→ PROVIDED RECORDS

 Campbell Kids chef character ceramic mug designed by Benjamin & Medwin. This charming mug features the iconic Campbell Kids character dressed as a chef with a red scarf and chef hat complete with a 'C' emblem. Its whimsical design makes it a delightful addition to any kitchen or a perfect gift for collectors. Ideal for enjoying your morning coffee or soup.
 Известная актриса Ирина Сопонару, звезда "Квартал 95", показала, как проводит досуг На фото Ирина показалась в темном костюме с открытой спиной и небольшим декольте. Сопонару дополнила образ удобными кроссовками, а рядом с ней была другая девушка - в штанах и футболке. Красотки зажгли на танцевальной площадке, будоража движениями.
* * *
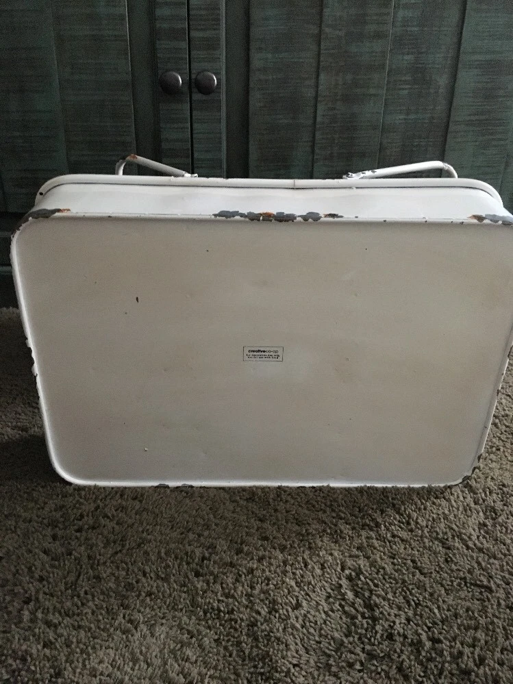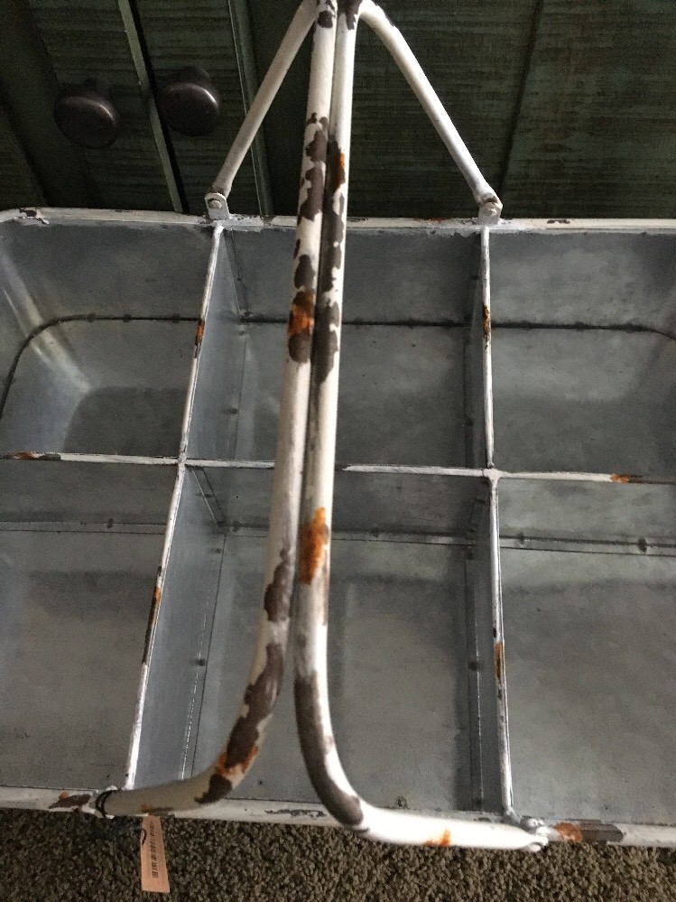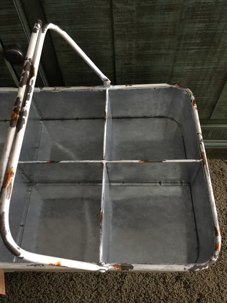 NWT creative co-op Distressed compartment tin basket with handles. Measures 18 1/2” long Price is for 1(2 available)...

→ EXERCISE AIM
Reproduce exactly the section above that begins at the line containing "Campbell Kids chef" and ends at the line containing "Известная актриса Ирина", leaving out all other lines.

→ COMPLETED EXERCISE
 Campbell Kids chef character ceramic mug designed by Benjamin & Medwin. This charming mug features the iconic Campbell Kids character dressed as a chef with a red scarf and chef hat complete with a 'C' emblem. Its whimsical design makes it a delightful addition to any kitchen or a perfect gift for collectors. Ideal for enjoying your morning coffee or soup.
 Известная актриса Ирина Сопонару, звезда "Квартал 95", показала, как проводит досуг На фото Ирина показалась в темном костюме с открытой спиной и небольшим декольте. Сопонару дополнила образ удобными кроссовками, а рядом с ней была другая девушка - в штанах и футболке. Красотки зажгли на танцевальной площадке, будоража движениями.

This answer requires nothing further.